Directions => Using the data below, set down every line from the one containing "身長と選手層で優っている早大" through the one containing "据统计,鸿蒙智行在2024年", inclusive and unchanged. Pictures are to be skipped.

Data under study =>
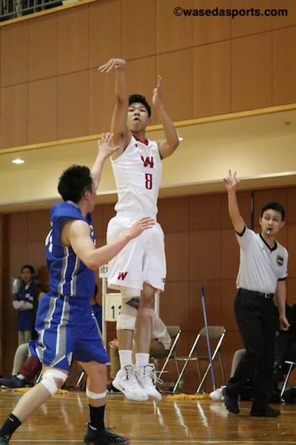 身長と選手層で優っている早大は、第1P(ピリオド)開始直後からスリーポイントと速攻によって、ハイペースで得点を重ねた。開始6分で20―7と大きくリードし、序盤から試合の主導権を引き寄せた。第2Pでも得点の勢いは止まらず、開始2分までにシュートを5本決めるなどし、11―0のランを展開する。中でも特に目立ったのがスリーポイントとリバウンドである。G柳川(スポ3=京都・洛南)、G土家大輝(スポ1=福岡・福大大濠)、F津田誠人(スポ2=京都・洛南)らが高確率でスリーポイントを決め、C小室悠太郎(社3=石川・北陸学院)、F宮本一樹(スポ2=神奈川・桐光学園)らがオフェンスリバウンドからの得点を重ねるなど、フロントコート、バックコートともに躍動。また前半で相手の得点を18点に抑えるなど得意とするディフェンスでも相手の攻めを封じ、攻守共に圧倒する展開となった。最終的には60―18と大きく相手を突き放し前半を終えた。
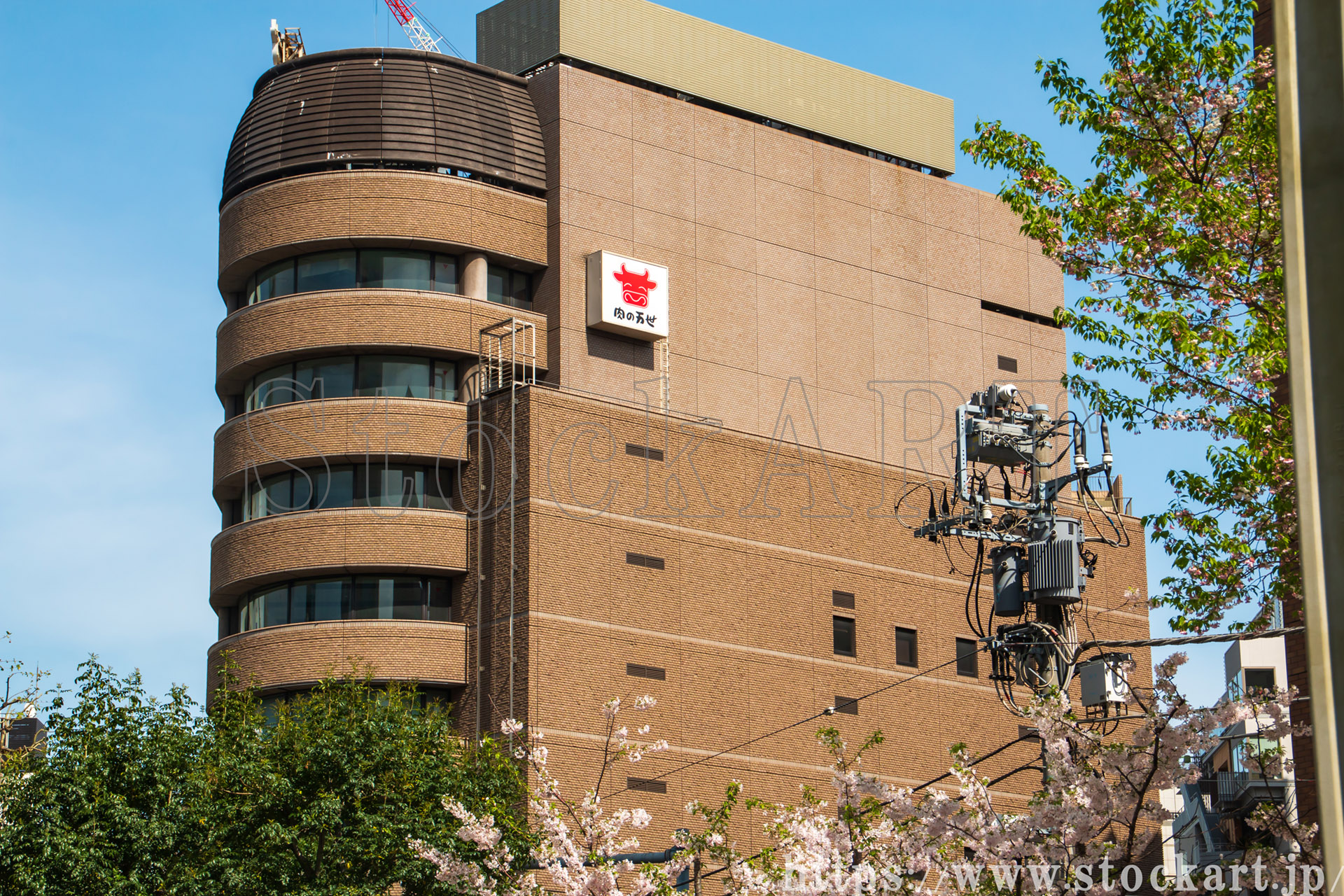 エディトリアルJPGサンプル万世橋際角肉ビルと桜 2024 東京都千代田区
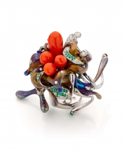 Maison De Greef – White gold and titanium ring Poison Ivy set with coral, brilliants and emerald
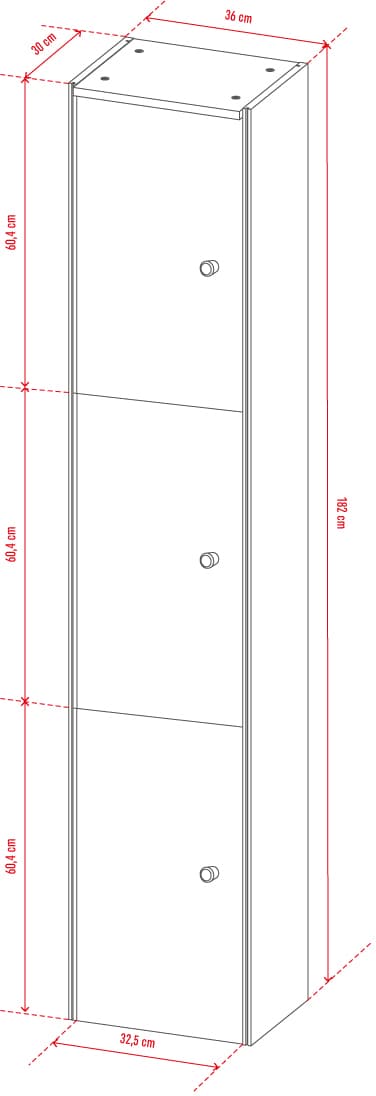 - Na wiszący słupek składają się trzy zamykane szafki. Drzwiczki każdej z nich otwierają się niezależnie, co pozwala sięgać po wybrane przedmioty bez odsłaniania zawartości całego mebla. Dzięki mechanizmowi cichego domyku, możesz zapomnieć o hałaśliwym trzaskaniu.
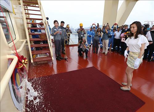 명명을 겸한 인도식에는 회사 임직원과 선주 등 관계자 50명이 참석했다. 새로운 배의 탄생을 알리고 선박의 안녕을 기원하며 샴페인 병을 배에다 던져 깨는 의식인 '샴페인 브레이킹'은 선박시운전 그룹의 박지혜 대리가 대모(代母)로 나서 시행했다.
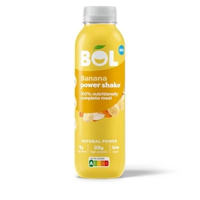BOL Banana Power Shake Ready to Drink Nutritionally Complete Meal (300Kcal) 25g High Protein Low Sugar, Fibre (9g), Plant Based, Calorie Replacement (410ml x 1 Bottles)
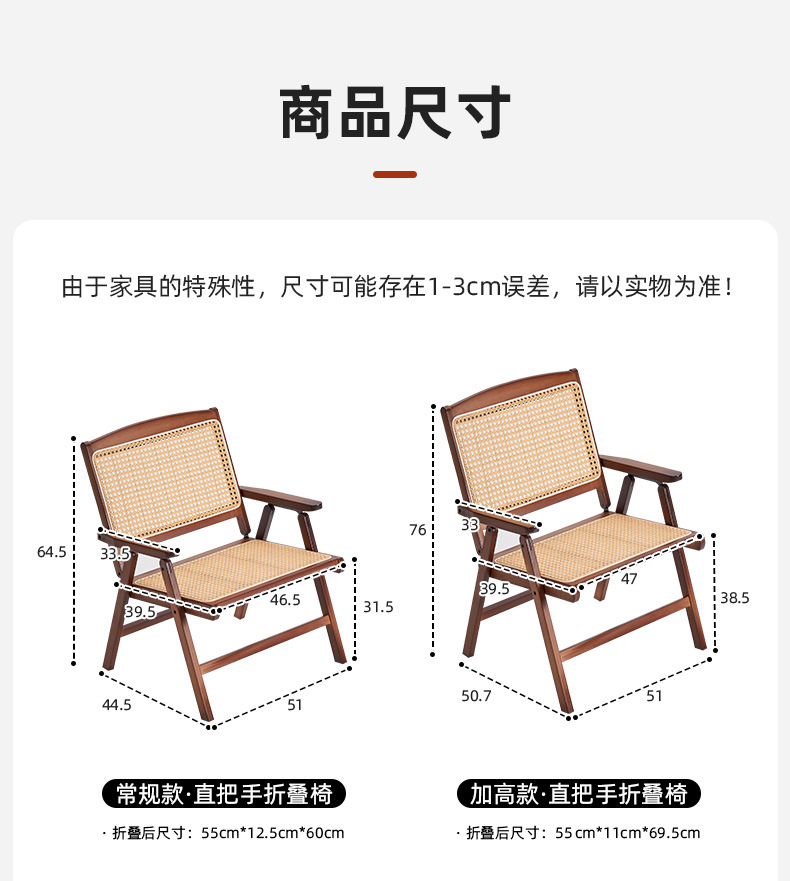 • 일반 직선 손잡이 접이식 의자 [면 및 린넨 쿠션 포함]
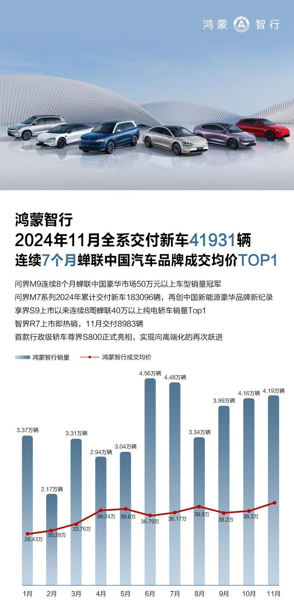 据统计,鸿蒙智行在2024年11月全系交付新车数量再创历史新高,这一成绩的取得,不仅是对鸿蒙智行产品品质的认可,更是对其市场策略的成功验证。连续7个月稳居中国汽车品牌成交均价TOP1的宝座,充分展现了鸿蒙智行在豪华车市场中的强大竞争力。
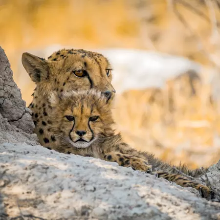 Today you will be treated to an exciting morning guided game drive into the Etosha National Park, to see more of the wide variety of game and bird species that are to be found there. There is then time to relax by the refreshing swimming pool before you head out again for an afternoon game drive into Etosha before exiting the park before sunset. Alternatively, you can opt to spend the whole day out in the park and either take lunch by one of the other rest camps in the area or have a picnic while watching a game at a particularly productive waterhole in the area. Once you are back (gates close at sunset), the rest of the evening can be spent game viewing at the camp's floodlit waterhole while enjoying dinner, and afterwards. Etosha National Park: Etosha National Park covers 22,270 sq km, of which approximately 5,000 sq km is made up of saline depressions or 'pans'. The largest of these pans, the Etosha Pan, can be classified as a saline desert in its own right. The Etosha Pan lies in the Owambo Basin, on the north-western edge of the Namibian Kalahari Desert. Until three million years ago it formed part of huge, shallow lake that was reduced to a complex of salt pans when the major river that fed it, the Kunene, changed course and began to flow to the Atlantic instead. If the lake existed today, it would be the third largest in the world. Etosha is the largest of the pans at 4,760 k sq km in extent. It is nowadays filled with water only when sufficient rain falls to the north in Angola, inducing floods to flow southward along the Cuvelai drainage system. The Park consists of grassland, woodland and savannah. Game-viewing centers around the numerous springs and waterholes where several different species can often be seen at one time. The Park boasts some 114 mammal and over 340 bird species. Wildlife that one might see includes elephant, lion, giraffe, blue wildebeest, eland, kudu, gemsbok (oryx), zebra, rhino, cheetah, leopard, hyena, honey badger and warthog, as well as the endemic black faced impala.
...
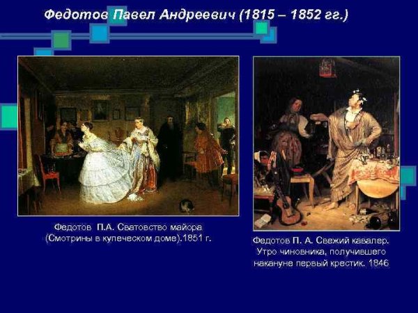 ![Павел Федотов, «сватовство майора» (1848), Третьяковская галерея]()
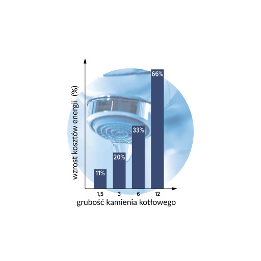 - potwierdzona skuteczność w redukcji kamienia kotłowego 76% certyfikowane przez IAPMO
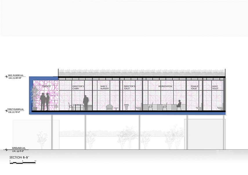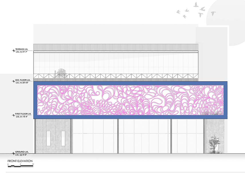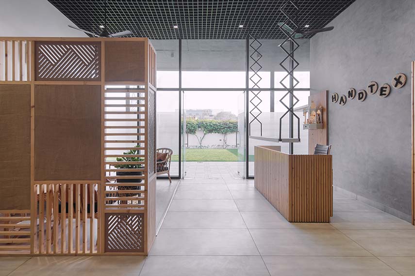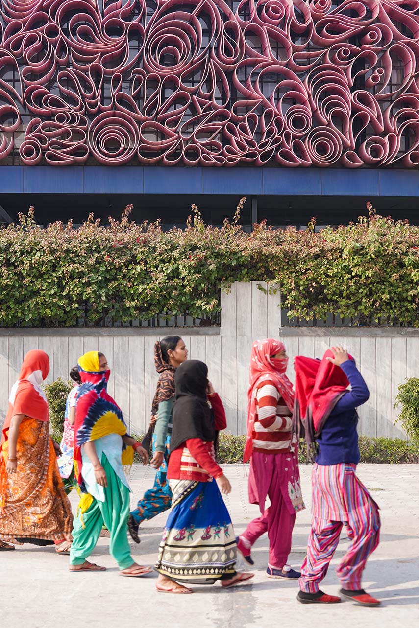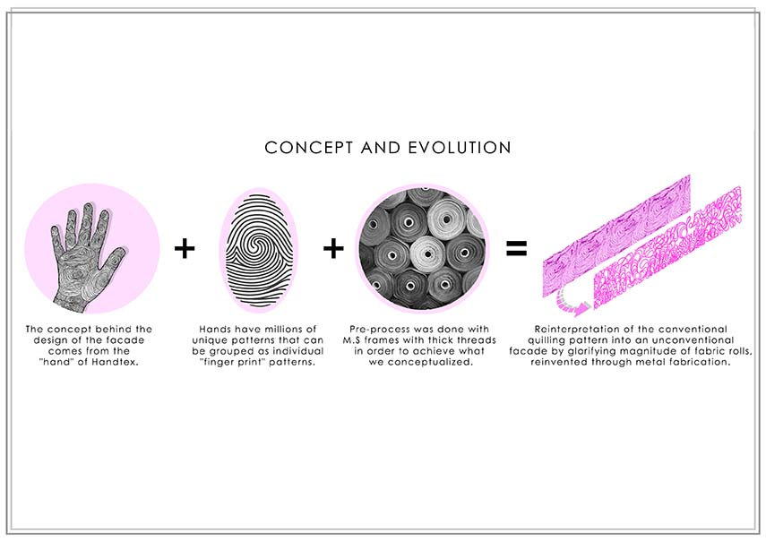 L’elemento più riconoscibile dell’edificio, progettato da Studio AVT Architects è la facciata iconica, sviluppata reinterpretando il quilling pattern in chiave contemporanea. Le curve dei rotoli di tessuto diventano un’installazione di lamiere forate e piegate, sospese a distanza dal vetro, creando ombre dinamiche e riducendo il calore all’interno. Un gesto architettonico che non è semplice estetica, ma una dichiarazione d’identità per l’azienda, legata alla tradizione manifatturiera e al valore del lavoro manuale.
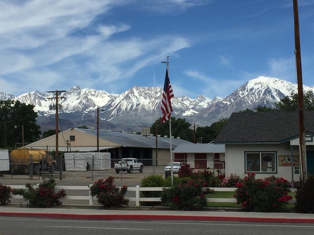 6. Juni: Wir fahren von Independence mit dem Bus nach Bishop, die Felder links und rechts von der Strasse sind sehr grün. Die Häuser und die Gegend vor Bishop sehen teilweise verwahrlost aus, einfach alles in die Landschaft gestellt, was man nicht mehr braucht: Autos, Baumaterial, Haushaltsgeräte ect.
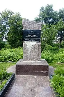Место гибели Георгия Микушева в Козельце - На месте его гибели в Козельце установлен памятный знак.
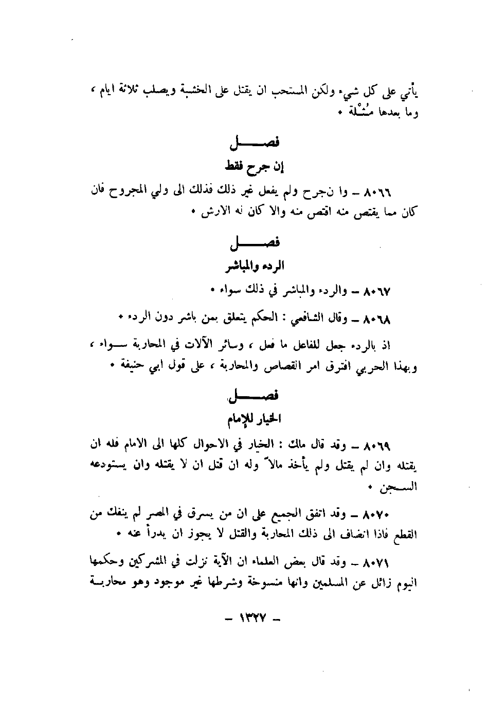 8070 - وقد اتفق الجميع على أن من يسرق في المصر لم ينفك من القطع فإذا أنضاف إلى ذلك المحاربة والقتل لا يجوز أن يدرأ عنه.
* * *
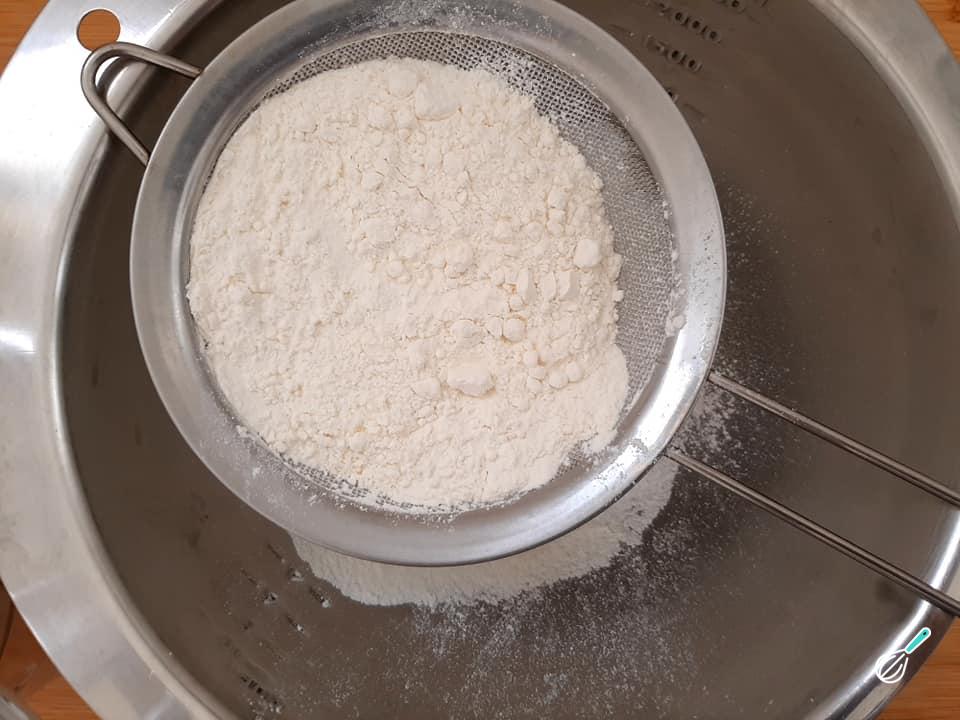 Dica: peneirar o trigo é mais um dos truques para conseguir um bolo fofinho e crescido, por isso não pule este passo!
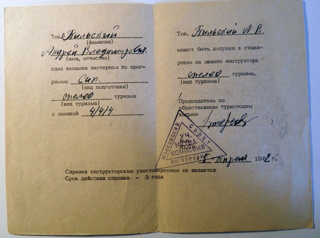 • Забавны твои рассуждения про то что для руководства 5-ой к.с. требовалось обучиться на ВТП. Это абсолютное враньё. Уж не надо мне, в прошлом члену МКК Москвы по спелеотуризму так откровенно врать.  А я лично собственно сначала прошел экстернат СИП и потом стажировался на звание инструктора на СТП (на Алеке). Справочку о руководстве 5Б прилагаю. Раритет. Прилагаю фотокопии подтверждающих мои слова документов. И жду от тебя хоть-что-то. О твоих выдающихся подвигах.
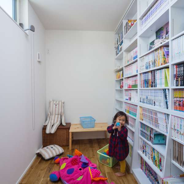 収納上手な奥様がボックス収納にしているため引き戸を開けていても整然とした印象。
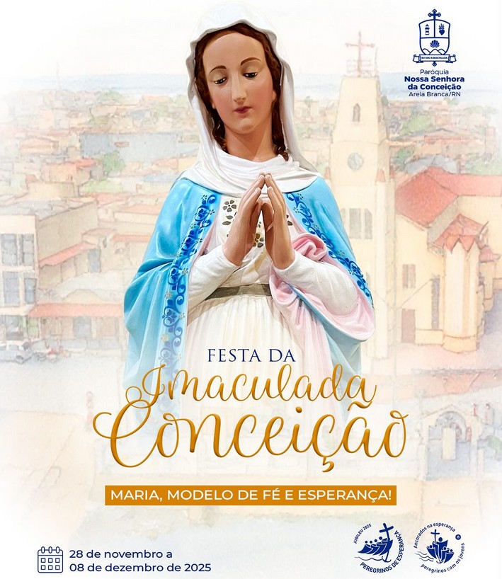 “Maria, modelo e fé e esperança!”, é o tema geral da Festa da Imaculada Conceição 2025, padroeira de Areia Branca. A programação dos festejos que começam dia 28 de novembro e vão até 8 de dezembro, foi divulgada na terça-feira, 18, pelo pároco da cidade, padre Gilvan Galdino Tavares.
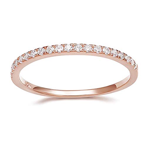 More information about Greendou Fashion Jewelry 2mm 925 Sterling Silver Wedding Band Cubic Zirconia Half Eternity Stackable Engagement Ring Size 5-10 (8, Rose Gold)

Task result =>
 身長と選手層で優っている早大は、第1P(ピリオド)開始直後からスリーポイントと速攻によって、ハイペースで得点を重ねた。開始6分で20―7と大きくリードし、序盤から試合の主導権を引き寄せた。第2Pでも得点の勢いは止まらず、開始2分までにシュートを5本決めるなどし、11―0のランを展開する。中でも特に目立ったのがスリーポイントとリバウンドである。G柳川(スポ3=京都・洛南)、G土家大輝(スポ1=福岡・福大大濠)、F津田誠人(スポ2=京都・洛南)らが高確率でスリーポイントを決め、C小室悠太郎(社3=石川・北陸学院)、F宮本一樹(スポ2=神奈川・桐光学園)らがオフェンスリバウンドからの得点を重ねるなど、フロントコート、バックコートともに躍動。また前半で相手の得点を18点に抑えるなど得意とするディフェンスでも相手の攻めを封じ、攻守共に圧倒する展開となった。最終的には60―18と大きく相手を突き放し前半を終えた。
 エディトリアルJPGサンプル万世橋際角肉ビルと桜 2024 東京都千代田区
 Maison De Greef – White gold and titanium ring Poison Ivy set with coral, brilliants and emerald
 - Na wiszący słupek składają się trzy zamykane szafki. Drzwiczki każdej z nich otwierają się niezależnie, co pozwala sięgać po wybrane przedmioty bez odsłaniania zawartości całego mebla. Dzięki mechanizmowi cichego domyku, możesz zapomnieć o hałaśliwym trzaskaniu.
 명명을 겸한 인도식에는 회사 임직원과 선주 등 관계자 50명이 참석했다. 새로운 배의 탄생을 알리고 선박의 안녕을 기원하며 샴페인 병을 배에다 던져 깨는 의식인 '샴페인 브레이킹'은 선박시운전 그룹의 박지혜 대리가 대모(代母)로 나서 시행했다.
BOL Banana Power Shake Ready to Drink Nutritionally Complete Meal (300Kcal) 25g High Protein Low Sugar, Fibre (9g), Plant Based, Calorie Replacement (410ml x 1 Bottles)
 • 일반 직선 손잡이 접이식 의자 [면 및 린넨 쿠션 포함]
 据统计,鸿蒙智行在2024年11月全系交付新车数量再创历史新高,这一成绩的取得,不仅是对鸿蒙智行产品品质的认可,更是对其市场策略的成功验证。连续7个月稳居中国汽车品牌成交均价TOP1的宝座,充分展现了鸿蒙智行在豪华车市场中的强大竞争力。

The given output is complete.